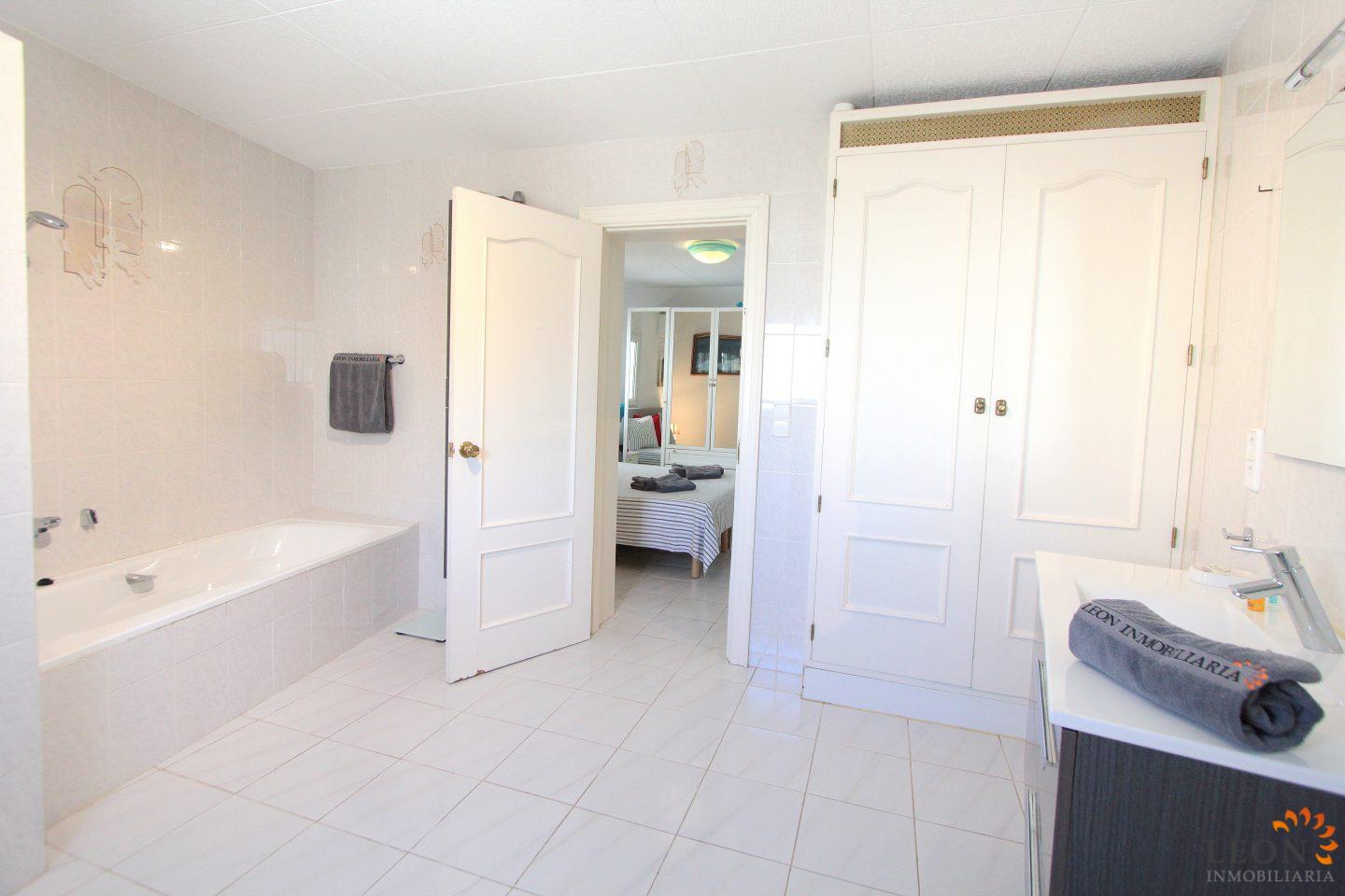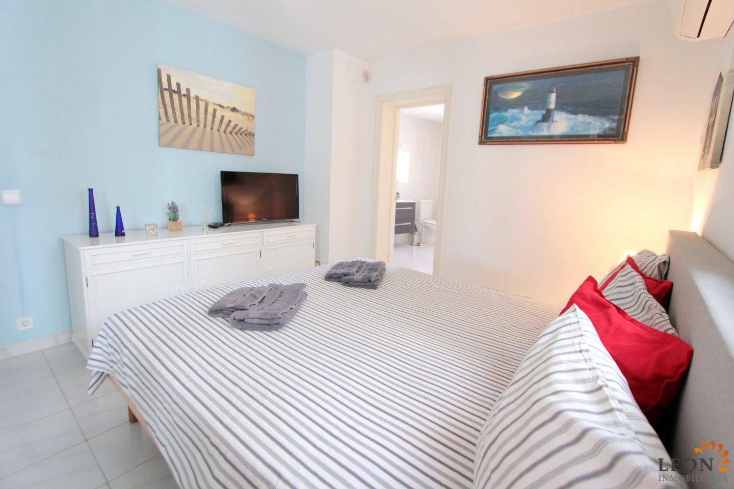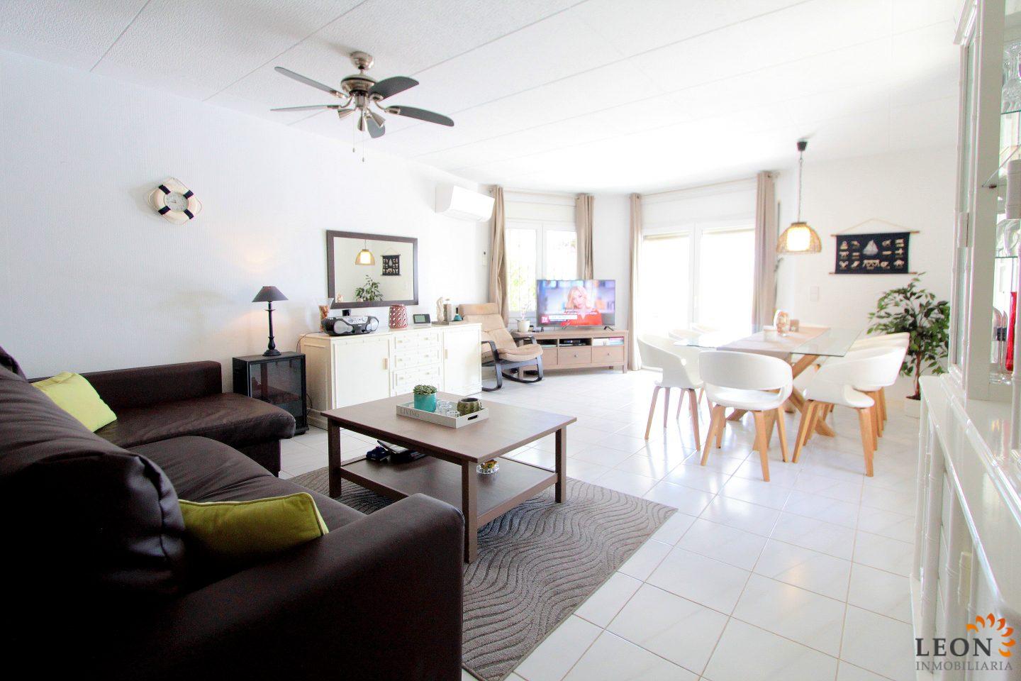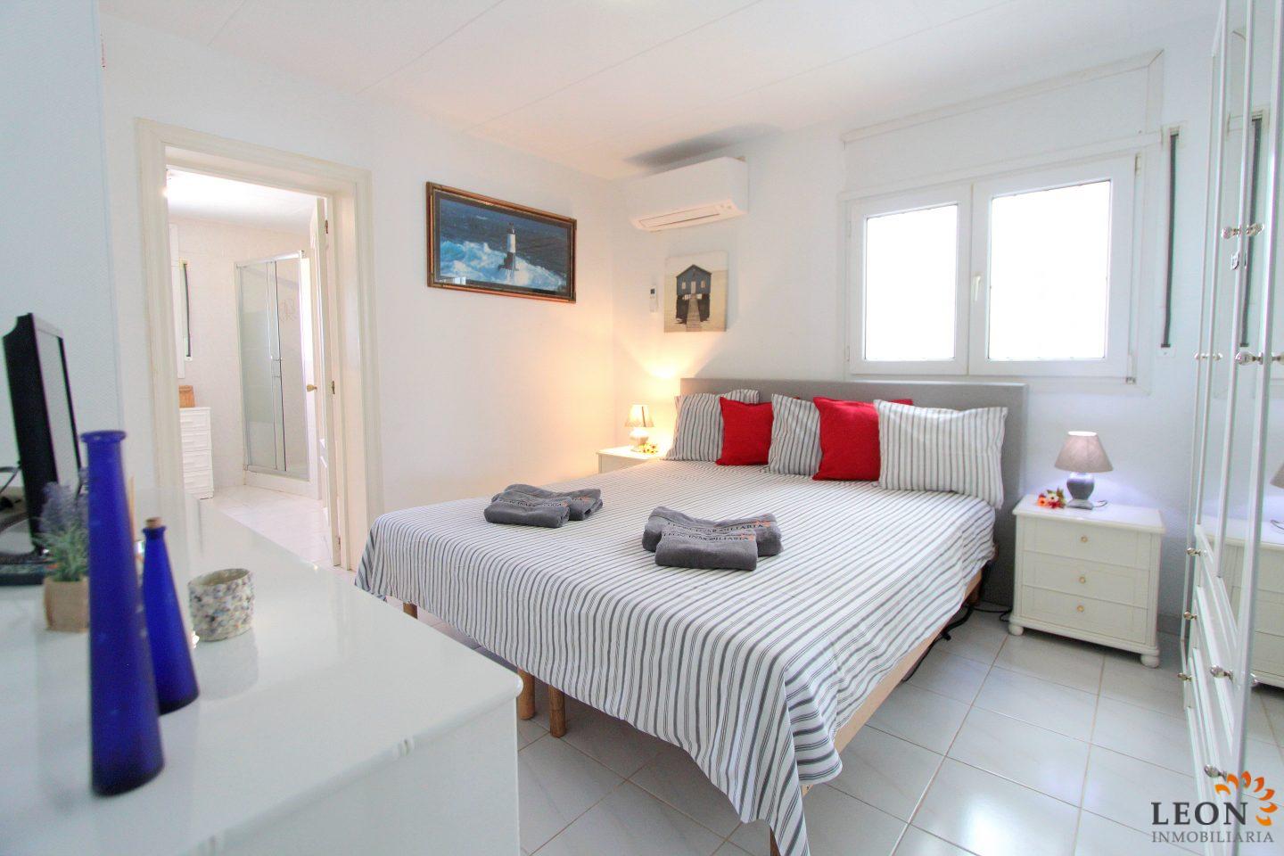 This beautiful villa is located near the entrance of Empuriabrava with a plot of 444 m2 and a living area of 171m2 and is divided as follows. On the ground floor there is a spacious and bright living area with access to the beautiful terrace with pool, 15 m jetty and a fantastic view over the canal, a well equipped separate kitchen, 1 bedroom with bathroom and a guest toilet. An outside staircase leads to the 1st floor, each bedroom with bathroom and separate entrance. Equipped with: Air conditioning, shutters, satellite TV. Outside there is a barbecue, an outdoor shower and a parking lot. Situated near the entrance of Empuriabrava, restaurants and shops are not far. The gorgeous sandy beach is a mere km away, whilst the beautiful beaches of Santa Margarita and Roses are easy and quick to reach by car. Additionally, Empuriabrava and the surrounding area offer unlimited recreational opportunities like skydiving, all kinds of water sport activities and golf, as well as a wide choice of cultural attractions such as the Dali museum in Figueres, the monastery of Sant Pere de Rodes and the Greek and Roman ruins of Ampurias. For further information about this property, or indeed other holiday properties, please contact LEON INMOBILIARIA by email or telephone at our main office in Empuriabrava: 0034 / 972 45 00 37.
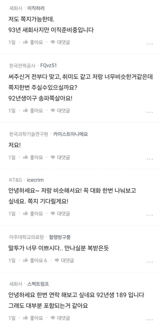그나저나 요즘 블라인드에서 서로 쪽지로
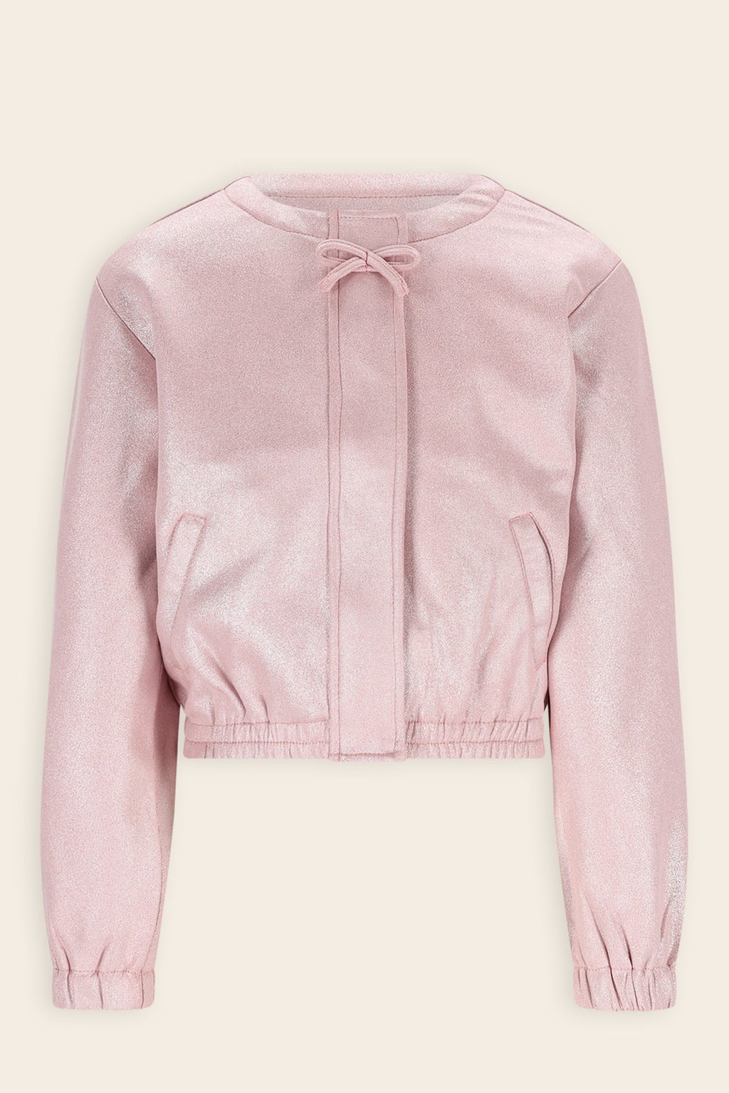 Zachte fake suede roze jasje met lichte glans en elastieken zoom
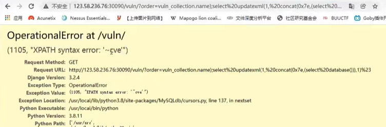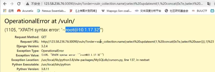 ⑤ 查询数据库用户:/vuln/?order=vuln_collection.name);select%20updatexml(1,%20concat(0x7e,(select%20user())),1)%23
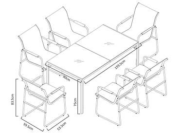 Das Set aus Gartentisch und Stühlen BASTIA aus schwarzem Stahl wird deinen Aussenbereich verwandeln. Mit seinem robusten Stahlgestell und der Tischplatte aus gehärtetem Glas ist dieser Tisch für die Ewigkeit gemacht. Geniesse gesellige Momente mit diesem Set, das aus einem Tisch und sechs Stühlen besteht. Die Stühle sind mit Textilene bezogen und bieten optimalen Komfort. Das Textilene ist wasserabweisend und somit ideal für den Einsatz im Freien. Der Tisch kann ein maximales Gewicht von 60 kg tragen und jeder Stuhl bis zu 110 kg. Bewundere das moderne und elegante Design, das sich perfekt in deinen Garten oder deine Terrasse einfügt.
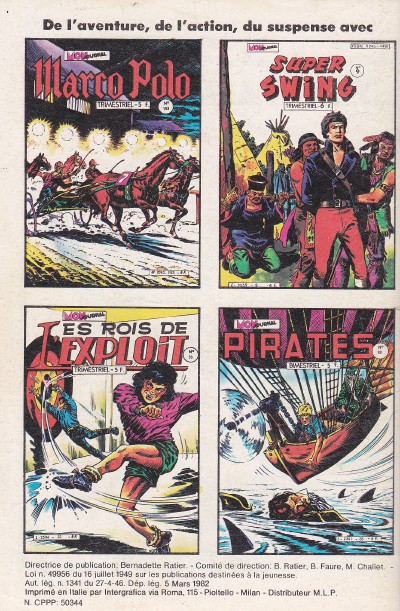 Info édition : Lancelot : "Le preux et le barbare" par Jean Ollivier (sc) et Santo D'Amico (des) (45 pl) - Johnny Flipper : La ballade du wigwam flottant (20 pl) - Barnabé : Indemnité de licenciement par Juan Rafart (des) (4 pl) - Bingo : Le fou dangereux (45 pl).
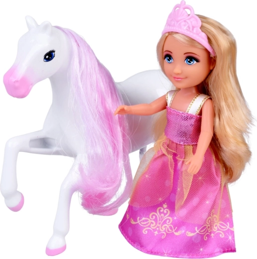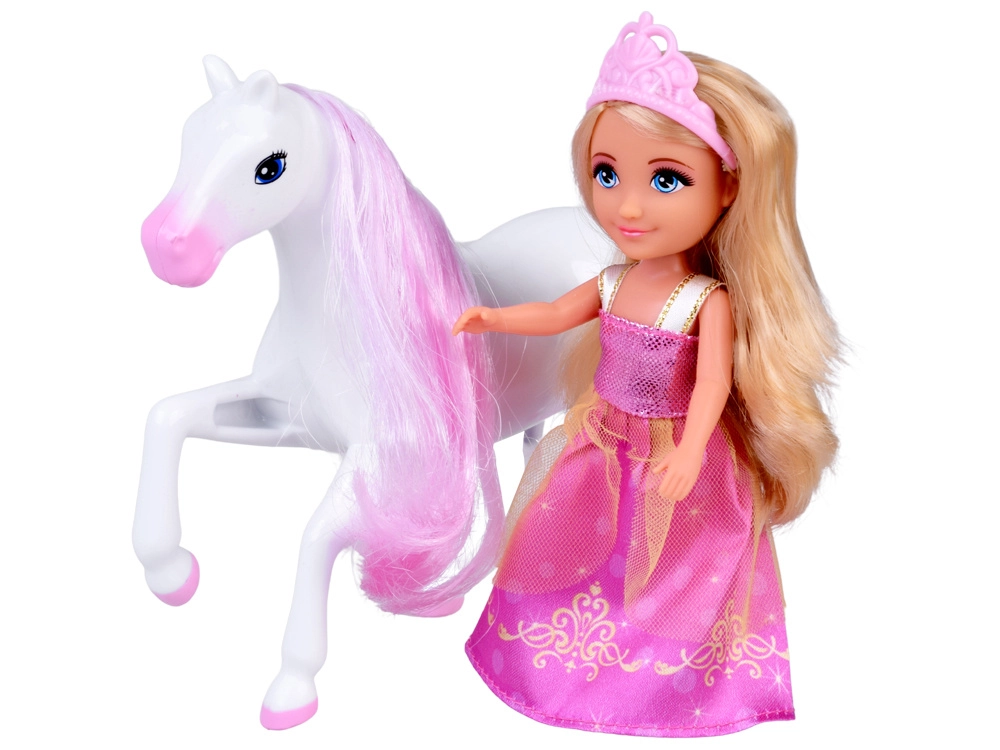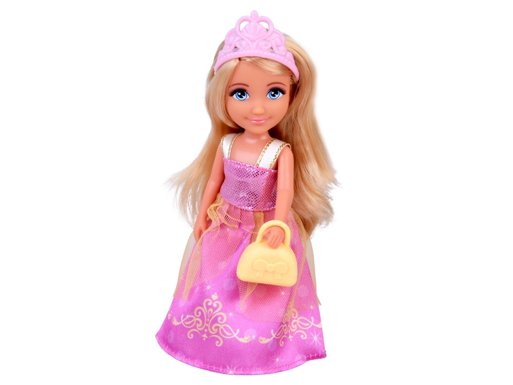 Panenka s dlouhými blond vlasy, růžovou korunkou a třpytivými šaty. Ideální pro hraní rolí – od královských návštěv po plesy v paláci.

## [Prompt]
Please repeat, exactly and with nothing else, the lines from the one containing "⑤ 查询数据库用户:/vul" to the last line of the entries, both included, excluding any pictures.

## [Worked solution]
 ⑤ 查询数据库用户:/vuln/?order=vuln_collection.name);select%20updatexml(1,%20concat(0x7e,(select%20user())),1)%23
 Das Set aus Gartentisch und Stühlen BASTIA aus schwarzem Stahl wird deinen Aussenbereich verwandeln. Mit seinem robusten Stahlgestell und der Tischplatte aus gehärtetem Glas ist dieser Tisch für die Ewigkeit gemacht. Geniesse gesellige Momente mit diesem Set, das aus einem Tisch und sechs Stühlen besteht. Die Stühle sind mit Textilene bezogen und bieten optimalen Komfort. Das Textilene ist wasserabweisend und somit ideal für den Einsatz im Freien. Der Tisch kann ein maximales Gewicht von 60 kg tragen und jeder Stuhl bis zu 110 kg. Bewundere das moderne und elegante Design, das sich perfekt in deinen Garten oder deine Terrasse einfügt.
 Info édition : Lancelot : "Le preux et le barbare" par Jean Ollivier (sc) et Santo D'Amico (des) (45 pl) - Johnny Flipper : La ballade du wigwam flottant (20 pl) - Barnabé : Indemnité de licenciement par Juan Rafart (des) (4 pl) - Bingo : Le fou dangereux (45 pl).
 Panenka s dlouhými blond vlasy, růžovou korunkou a třpytivými šaty. Ideální pro hraní rolí – od královských návštěv po plesy v paláci.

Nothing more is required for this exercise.